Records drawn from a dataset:

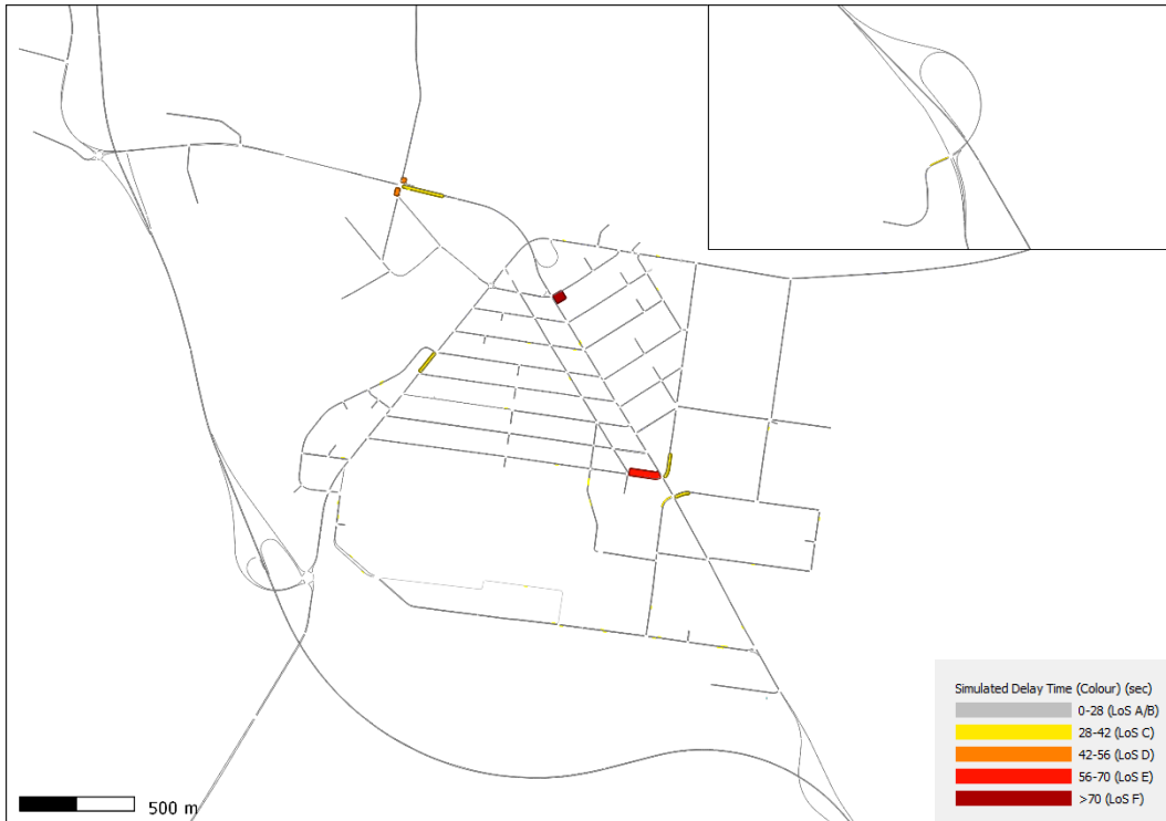
2026 Bypass AIMSUN Delay Plots AM Peak (8.30 – 9.30)
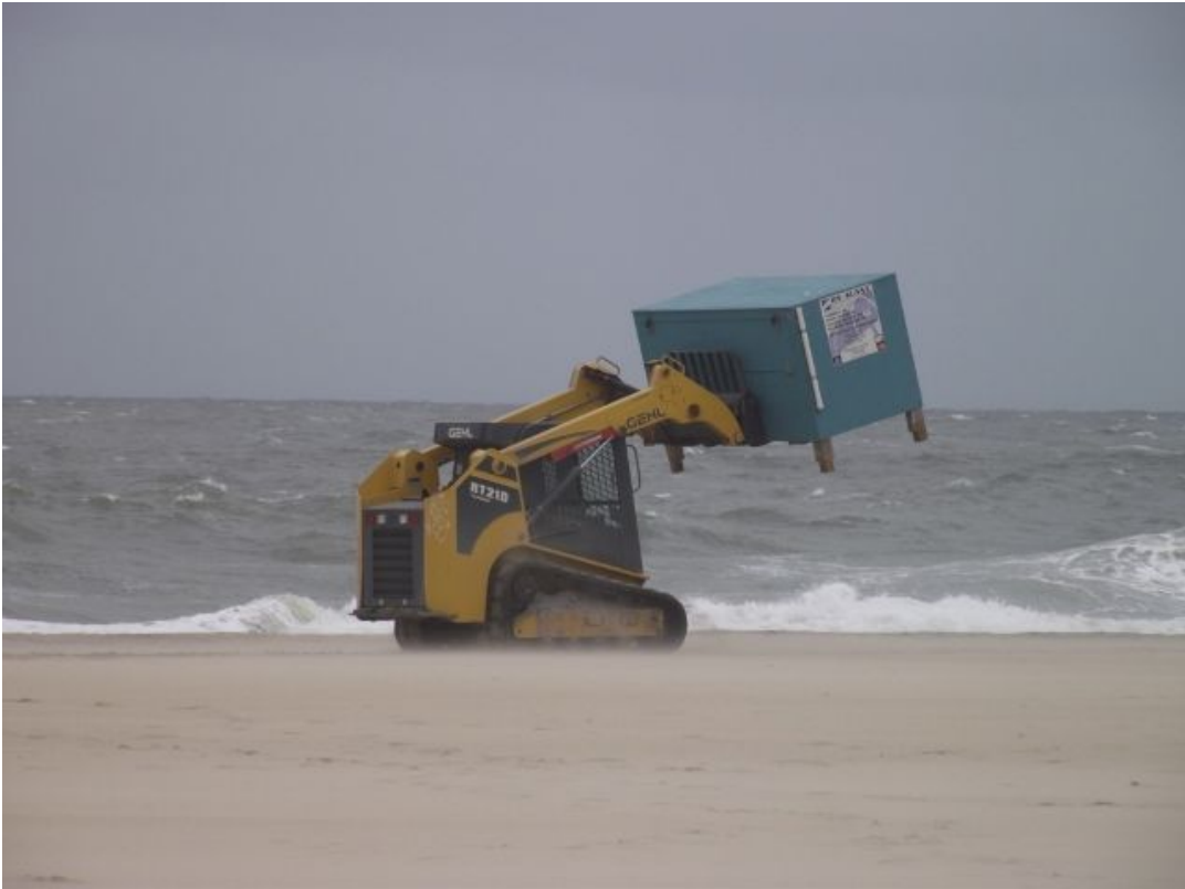
Heavy skid loaders are used to remove the life guard equipment boxes as the swim season winds down.
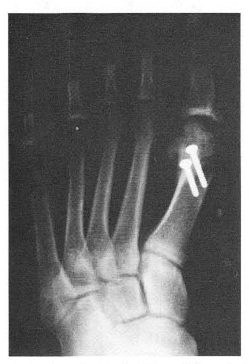
Fig. 3. Phase of revascularization with bone deposition and resorption (collapsed phase).
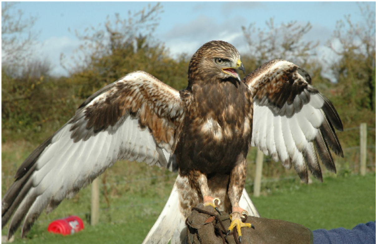
Juvenile Rough-legged Hawk Buteo lagopus sanctijohannis, Tulla, Co Clare, 28th October 2005.
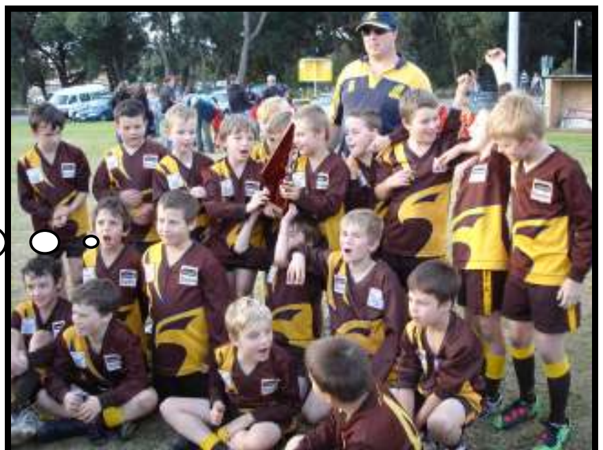
Printed Courtesy of JDS PRINTING

• _Problem to solve_
Begin at the first line of the data above and repeat each line exactly, stopping after the line containing "Juvenile Rough-legged Hawk". Omit the pictures.

• _Exercise answer_
2026 Bypass AIMSUN Delay Plots AM Peak (8.30 – 9.30)
Heavy skid loaders are used to remove the life guard equipment boxes as the swim season winds down.
Fig. 3. Phase of revascularization with bone deposition and resorption (collapsed phase).
Juvenile Rough-legged Hawk Buteo lagopus sanctijohannis, Tulla, Co Clare, 28th October 2005.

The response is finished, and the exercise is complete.